WHAT YOU NEED TO DO: Starting at the line with "with your requirements." and going on through the line with "حلب-سانا في ورشته", reproduce each line in the records below exactly and nothing more.

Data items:
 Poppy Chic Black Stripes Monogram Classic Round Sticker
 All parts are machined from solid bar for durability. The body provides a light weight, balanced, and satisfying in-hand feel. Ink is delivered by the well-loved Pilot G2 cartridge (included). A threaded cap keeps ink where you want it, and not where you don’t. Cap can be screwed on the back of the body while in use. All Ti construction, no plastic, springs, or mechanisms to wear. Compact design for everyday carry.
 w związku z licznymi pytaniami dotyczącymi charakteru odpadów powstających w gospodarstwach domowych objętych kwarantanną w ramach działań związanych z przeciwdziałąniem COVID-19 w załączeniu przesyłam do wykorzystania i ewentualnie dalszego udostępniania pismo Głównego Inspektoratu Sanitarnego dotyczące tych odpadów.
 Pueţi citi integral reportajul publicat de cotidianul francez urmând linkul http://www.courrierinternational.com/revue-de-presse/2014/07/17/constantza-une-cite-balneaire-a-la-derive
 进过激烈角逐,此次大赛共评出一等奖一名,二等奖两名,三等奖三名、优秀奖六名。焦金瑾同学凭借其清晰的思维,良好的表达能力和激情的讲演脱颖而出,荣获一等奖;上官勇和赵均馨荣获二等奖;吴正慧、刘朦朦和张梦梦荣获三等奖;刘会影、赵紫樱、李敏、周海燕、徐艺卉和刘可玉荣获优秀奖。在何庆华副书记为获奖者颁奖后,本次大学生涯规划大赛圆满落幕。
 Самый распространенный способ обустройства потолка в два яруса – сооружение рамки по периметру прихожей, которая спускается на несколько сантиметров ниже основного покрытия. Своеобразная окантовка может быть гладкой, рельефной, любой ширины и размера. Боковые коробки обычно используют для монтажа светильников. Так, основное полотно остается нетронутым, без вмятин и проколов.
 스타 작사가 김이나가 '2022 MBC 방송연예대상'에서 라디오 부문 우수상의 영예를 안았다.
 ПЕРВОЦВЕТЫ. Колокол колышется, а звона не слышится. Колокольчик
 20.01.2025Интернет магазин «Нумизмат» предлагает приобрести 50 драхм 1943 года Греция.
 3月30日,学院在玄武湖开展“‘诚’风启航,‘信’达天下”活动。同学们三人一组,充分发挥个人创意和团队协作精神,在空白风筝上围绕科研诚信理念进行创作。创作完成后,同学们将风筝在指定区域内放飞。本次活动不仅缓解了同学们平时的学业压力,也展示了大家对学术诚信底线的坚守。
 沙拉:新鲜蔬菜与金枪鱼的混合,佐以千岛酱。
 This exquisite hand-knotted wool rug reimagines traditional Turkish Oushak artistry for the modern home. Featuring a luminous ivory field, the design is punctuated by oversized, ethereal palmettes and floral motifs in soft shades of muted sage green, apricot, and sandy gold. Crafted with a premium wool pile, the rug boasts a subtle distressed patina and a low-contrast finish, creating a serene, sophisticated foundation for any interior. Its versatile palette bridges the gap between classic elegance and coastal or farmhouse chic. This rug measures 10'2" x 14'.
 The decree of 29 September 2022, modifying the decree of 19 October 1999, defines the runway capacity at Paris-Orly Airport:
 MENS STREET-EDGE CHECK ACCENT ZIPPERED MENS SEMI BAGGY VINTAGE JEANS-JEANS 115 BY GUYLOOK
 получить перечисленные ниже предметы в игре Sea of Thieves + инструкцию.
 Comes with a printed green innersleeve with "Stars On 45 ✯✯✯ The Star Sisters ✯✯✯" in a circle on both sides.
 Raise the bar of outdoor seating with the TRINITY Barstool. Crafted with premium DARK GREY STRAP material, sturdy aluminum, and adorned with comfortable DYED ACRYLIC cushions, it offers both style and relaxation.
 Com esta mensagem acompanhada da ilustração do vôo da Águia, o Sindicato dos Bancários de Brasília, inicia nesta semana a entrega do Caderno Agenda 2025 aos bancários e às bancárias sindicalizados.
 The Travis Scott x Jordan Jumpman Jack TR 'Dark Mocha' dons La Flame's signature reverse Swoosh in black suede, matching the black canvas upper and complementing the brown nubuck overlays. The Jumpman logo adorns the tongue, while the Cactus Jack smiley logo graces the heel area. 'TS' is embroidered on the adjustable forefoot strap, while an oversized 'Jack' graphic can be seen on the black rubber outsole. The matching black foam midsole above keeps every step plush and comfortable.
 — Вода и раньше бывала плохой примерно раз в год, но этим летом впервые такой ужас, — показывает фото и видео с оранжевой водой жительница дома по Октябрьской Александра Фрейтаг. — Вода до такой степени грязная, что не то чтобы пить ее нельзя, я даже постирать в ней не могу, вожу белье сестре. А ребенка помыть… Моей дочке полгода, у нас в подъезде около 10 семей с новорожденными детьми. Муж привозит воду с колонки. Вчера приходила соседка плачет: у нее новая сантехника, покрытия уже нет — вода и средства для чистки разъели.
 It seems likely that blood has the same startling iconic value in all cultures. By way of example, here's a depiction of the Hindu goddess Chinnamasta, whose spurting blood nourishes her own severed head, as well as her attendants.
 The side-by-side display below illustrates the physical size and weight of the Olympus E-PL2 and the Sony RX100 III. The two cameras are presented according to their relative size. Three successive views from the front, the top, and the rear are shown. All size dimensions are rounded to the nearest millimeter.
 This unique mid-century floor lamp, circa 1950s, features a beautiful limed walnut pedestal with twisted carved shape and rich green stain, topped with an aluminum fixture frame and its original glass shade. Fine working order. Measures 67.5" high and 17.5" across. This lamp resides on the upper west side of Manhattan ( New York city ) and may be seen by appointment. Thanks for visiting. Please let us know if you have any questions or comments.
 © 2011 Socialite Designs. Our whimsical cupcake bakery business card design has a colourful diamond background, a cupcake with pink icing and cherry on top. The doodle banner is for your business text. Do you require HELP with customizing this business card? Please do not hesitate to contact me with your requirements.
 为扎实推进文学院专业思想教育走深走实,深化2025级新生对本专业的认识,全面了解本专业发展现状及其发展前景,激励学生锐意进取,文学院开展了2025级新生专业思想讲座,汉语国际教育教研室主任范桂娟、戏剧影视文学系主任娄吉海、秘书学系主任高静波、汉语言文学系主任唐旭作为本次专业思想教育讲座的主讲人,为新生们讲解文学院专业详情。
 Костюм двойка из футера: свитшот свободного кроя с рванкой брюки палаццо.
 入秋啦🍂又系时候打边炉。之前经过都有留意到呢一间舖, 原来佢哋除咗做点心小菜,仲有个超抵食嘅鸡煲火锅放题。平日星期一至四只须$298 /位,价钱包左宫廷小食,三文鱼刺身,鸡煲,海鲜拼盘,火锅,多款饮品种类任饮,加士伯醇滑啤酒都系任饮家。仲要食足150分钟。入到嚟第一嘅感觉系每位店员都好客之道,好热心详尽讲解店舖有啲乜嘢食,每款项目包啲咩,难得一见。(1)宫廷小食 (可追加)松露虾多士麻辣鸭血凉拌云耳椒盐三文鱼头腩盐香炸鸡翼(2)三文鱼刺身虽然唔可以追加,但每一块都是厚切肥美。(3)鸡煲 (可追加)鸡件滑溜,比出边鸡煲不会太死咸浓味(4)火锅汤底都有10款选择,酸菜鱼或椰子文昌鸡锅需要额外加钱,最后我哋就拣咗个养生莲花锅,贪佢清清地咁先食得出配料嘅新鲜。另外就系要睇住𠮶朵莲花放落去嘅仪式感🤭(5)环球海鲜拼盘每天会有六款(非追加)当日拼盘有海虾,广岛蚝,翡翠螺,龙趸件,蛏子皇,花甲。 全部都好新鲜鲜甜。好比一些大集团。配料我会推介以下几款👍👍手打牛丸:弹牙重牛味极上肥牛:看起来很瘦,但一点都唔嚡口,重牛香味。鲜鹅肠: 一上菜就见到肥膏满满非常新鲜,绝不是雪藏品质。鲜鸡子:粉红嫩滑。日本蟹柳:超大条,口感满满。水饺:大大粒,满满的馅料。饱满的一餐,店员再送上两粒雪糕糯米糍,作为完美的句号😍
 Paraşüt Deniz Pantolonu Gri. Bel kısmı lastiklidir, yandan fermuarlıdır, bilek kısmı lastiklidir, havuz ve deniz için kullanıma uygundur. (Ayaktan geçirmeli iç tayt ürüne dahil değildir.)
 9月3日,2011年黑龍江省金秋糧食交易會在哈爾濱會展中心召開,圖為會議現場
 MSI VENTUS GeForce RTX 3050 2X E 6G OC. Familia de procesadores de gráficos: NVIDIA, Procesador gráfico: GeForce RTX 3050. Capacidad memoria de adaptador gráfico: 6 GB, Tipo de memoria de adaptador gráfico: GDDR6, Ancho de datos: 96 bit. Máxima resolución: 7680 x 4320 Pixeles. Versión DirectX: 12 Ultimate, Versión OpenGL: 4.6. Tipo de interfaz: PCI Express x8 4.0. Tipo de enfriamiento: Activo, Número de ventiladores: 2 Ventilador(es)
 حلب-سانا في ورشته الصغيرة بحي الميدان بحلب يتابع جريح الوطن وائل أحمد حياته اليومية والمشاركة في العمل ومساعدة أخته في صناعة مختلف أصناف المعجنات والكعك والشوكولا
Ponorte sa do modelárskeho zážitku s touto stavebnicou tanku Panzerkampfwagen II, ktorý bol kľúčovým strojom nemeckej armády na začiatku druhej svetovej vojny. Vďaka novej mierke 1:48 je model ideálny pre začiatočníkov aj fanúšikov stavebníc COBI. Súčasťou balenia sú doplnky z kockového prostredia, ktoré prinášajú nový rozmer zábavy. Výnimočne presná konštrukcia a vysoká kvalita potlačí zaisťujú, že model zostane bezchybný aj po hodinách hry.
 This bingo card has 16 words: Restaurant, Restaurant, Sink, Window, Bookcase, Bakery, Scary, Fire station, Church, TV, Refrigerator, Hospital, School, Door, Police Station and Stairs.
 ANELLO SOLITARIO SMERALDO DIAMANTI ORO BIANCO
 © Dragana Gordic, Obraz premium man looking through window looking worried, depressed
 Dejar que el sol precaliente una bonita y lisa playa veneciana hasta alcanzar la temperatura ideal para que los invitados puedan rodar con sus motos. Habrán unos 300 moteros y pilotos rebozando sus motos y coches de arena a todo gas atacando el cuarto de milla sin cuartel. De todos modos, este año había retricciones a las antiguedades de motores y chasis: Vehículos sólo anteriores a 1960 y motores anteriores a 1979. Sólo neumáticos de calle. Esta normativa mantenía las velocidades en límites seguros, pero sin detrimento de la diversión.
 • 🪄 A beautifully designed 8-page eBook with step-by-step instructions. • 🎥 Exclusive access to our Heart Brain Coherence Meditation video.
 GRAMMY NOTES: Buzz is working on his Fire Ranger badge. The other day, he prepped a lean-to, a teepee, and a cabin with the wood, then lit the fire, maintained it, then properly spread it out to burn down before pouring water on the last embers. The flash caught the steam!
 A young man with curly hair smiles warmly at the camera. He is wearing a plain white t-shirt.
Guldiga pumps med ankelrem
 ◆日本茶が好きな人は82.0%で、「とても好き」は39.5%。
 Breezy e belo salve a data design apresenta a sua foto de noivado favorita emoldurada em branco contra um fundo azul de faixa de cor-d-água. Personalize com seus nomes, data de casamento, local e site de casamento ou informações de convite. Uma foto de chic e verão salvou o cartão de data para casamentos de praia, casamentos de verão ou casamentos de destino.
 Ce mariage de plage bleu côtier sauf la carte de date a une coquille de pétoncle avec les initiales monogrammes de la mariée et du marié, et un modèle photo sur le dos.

WRITTEN ANSWER:
 © 2011 Socialite Designs. Our whimsical cupcake bakery business card design has a colourful diamond background, a cupcake with pink icing and cherry on top. The doodle banner is for your business text. Do you require HELP with customizing this business card? Please do not hesitate to contact me with your requirements.
 为扎实推进文学院专业思想教育走深走实,深化2025级新生对本专业的认识,全面了解本专业发展现状及其发展前景,激励学生锐意进取,文学院开展了2025级新生专业思想讲座,汉语国际教育教研室主任范桂娟、戏剧影视文学系主任娄吉海、秘书学系主任高静波、汉语言文学系主任唐旭作为本次专业思想教育讲座的主讲人,为新生们讲解文学院专业详情。
 Костюм двойка из футера: свитшот свободного кроя с рванкой брюки палаццо.
 入秋啦🍂又系时候打边炉。之前经过都有留意到呢一间舖, 原来佢哋除咗做点心小菜,仲有个超抵食嘅鸡煲火锅放题。平日星期一至四只须$298 /位,价钱包左宫廷小食,三文鱼刺身,鸡煲,海鲜拼盘,火锅,多款饮品种类任饮,加士伯醇滑啤酒都系任饮家。仲要食足150分钟。入到嚟第一嘅感觉系每位店员都好客之道,好热心详尽讲解店舖有啲乜嘢食,每款项目包啲咩,难得一见。(1)宫廷小食 (可追加)松露虾多士麻辣鸭血凉拌云耳椒盐三文鱼头腩盐香炸鸡翼(2)三文鱼刺身虽然唔可以追加,但每一块都是厚切肥美。(3)鸡煲 (可追加)鸡件滑溜,比出边鸡煲不会太死咸浓味(4)火锅汤底都有10款选择,酸菜鱼或椰子文昌鸡锅需要额外加钱,最后我哋就拣咗个养生莲花锅,贪佢清清地咁先食得出配料嘅新鲜。另外就系要睇住𠮶朵莲花放落去嘅仪式感🤭(5)环球海鲜拼盘每天会有六款(非追加)当日拼盘有海虾,广岛蚝,翡翠螺,龙趸件,蛏子皇,花甲。 全部都好新鲜鲜甜。好比一些大集团。配料我会推介以下几款👍👍手打牛丸:弹牙重牛味极上肥牛:看起来很瘦,但一点都唔嚡口,重牛香味。鲜鹅肠: 一上菜就见到肥膏满满非常新鲜,绝不是雪藏品质。鲜鸡子:粉红嫩滑。日本蟹柳:超大条,口感满满。水饺:大大粒,满满的馅料。饱满的一餐,店员再送上两粒雪糕糯米糍,作为完美的句号😍
 Paraşüt Deniz Pantolonu Gri. Bel kısmı lastiklidir, yandan fermuarlıdır, bilek kısmı lastiklidir, havuz ve deniz için kullanıma uygundur. (Ayaktan geçirmeli iç tayt ürüne dahil değildir.)
 9月3日,2011年黑龍江省金秋糧食交易會在哈爾濱會展中心召開,圖為會議現場
 MSI VENTUS GeForce RTX 3050 2X E 6G OC. Familia de procesadores de gráficos: NVIDIA, Procesador gráfico: GeForce RTX 3050. Capacidad memoria de adaptador gráfico: 6 GB, Tipo de memoria de adaptador gráfico: GDDR6, Ancho de datos: 96 bit. Máxima resolución: 7680 x 4320 Pixeles. Versión DirectX: 12 Ultimate, Versión OpenGL: 4.6. Tipo de interfaz: PCI Express x8 4.0. Tipo de enfriamiento: Activo, Número de ventiladores: 2 Ventilador(es)
 حلب-سانا في ورشته الصغيرة بحي الميدان بحلب يتابع جريح الوطن وائل أحمد حياته اليومية والمشاركة في العمل ومساعدة أخته في صناعة مختلف أصناف المعجنات والكعك والشوكولا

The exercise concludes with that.